What you need to do:
What is needed is the exact text of each line in the listing below from the one with "RACKMOUNT STORAGE ARRAY, HITACHI" up to and including the one with "564 nhbl 832c", and no pictures.

Stored data:
---+---

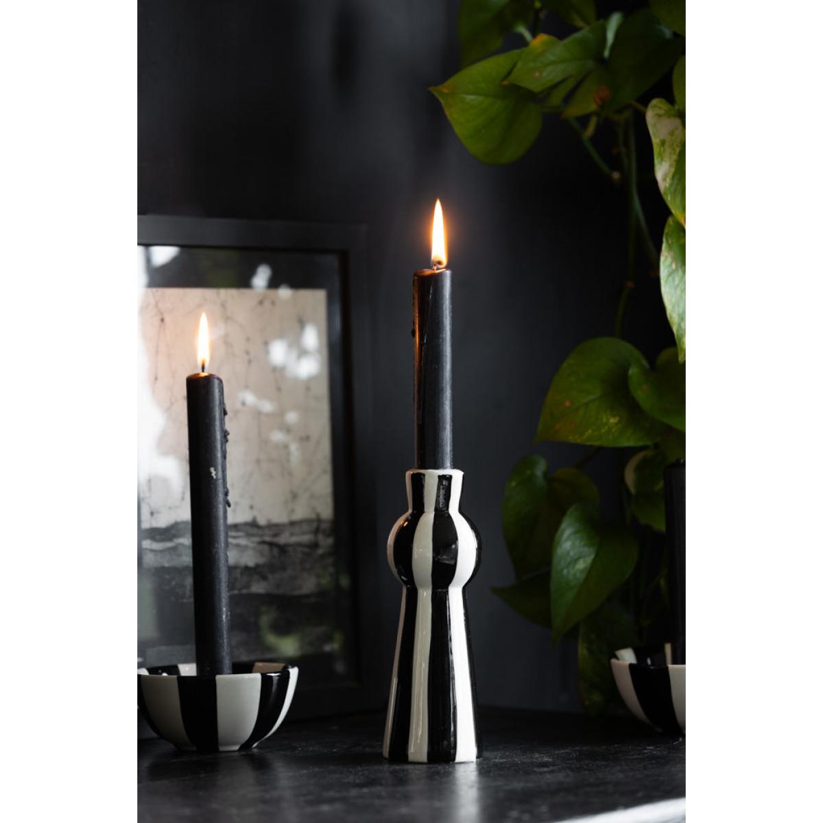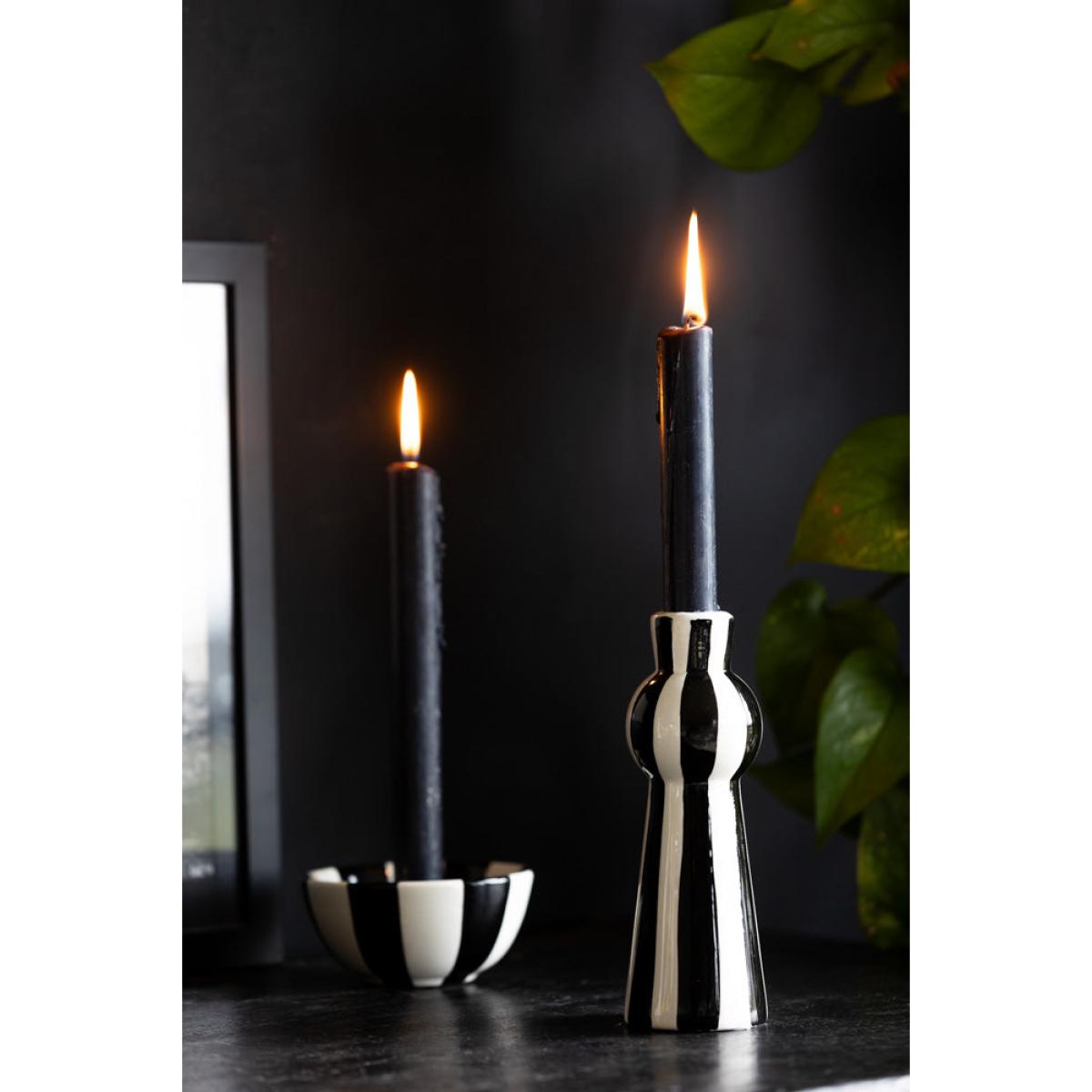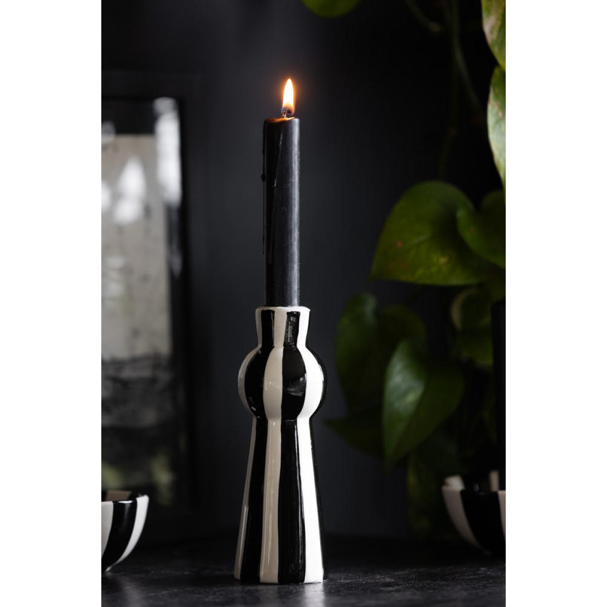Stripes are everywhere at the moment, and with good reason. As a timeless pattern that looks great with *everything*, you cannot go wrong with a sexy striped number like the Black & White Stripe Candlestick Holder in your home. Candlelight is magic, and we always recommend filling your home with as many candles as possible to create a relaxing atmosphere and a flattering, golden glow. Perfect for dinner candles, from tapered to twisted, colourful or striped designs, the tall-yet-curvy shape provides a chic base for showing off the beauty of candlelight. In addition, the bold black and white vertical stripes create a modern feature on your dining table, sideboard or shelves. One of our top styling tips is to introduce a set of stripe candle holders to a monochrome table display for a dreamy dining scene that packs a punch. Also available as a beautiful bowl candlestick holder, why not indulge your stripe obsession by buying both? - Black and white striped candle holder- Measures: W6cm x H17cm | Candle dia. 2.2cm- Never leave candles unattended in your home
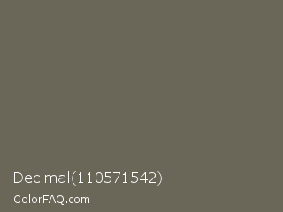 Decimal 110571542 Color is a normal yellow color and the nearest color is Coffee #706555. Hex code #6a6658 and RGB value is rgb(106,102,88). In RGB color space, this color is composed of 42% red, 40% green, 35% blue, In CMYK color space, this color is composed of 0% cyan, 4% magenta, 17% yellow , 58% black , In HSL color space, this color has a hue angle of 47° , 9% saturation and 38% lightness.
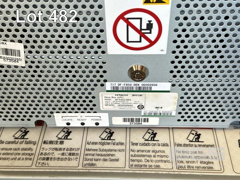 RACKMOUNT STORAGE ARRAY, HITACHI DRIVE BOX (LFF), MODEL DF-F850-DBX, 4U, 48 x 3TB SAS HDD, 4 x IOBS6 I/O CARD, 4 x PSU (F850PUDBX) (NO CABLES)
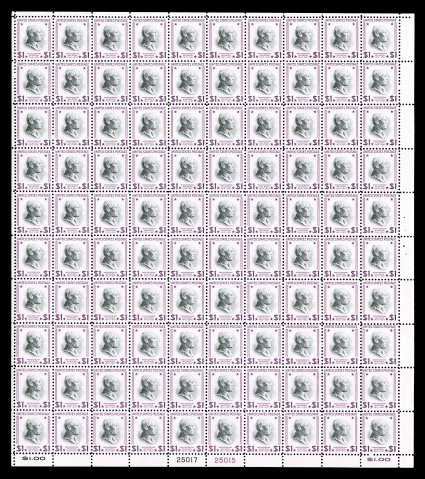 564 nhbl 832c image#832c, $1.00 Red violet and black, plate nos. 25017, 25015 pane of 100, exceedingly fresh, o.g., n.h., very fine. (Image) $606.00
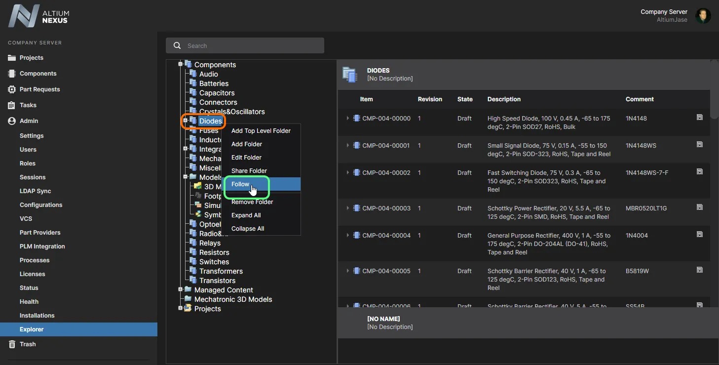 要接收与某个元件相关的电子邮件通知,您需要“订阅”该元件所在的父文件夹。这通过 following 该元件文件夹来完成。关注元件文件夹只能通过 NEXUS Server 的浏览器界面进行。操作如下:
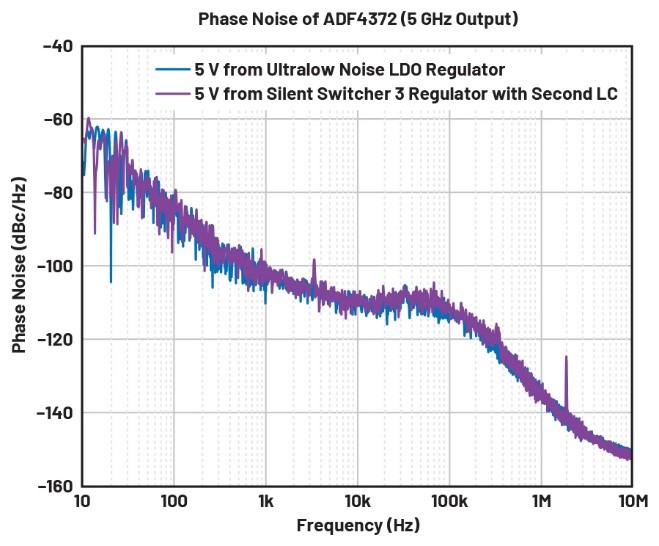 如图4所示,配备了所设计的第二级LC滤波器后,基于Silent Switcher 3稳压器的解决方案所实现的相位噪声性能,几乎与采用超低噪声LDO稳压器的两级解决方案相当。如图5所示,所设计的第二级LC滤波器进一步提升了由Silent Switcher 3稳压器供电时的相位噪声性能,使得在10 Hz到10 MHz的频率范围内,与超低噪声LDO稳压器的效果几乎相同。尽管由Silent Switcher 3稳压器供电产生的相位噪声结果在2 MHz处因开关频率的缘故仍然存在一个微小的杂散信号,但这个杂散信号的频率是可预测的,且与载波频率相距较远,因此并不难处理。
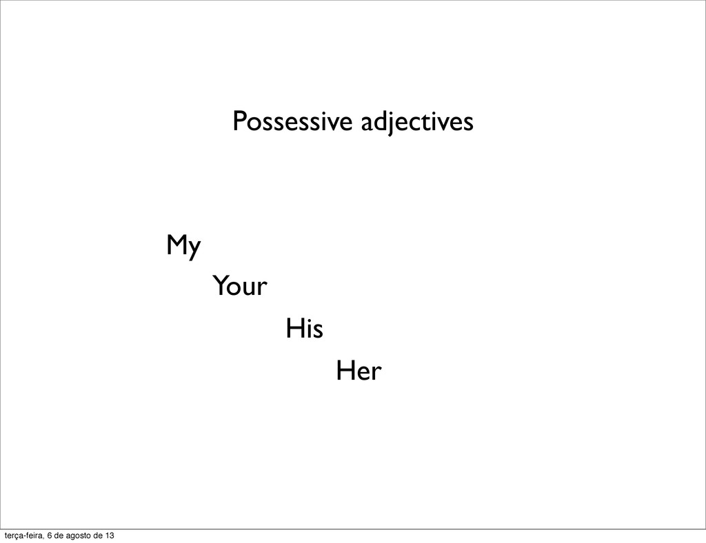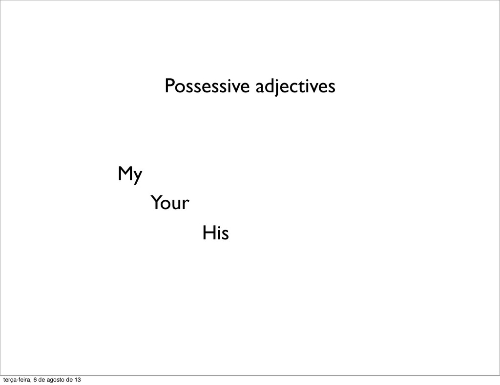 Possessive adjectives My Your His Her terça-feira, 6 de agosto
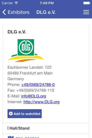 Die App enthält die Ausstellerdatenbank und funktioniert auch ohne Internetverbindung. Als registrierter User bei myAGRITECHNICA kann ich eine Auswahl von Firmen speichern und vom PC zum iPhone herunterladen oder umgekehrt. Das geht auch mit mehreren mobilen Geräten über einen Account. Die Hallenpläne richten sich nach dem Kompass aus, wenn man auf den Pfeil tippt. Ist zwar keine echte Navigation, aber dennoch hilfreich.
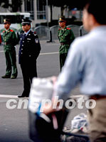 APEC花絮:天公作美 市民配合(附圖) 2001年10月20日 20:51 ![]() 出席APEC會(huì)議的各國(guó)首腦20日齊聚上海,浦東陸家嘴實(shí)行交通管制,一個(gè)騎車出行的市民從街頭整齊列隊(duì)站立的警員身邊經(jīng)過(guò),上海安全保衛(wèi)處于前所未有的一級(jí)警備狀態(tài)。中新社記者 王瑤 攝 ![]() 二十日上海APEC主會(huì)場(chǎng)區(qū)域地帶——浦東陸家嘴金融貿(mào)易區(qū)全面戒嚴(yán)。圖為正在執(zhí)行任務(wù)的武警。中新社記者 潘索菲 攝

---+---

Reply to the task:
 RACKMOUNT STORAGE ARRAY, HITACHI DRIVE BOX (LFF), MODEL DF-F850-DBX, 4U, 48 x 3TB SAS HDD, 4 x IOBS6 I/O CARD, 4 x PSU (F850PUDBX) (NO CABLES)
 564 nhbl 832c image#832c, $1.00 Red violet and black, plate nos. 25017, 25015 pane of 100, exceedingly fresh, o.g., n.h., very fine. (Image) $606.00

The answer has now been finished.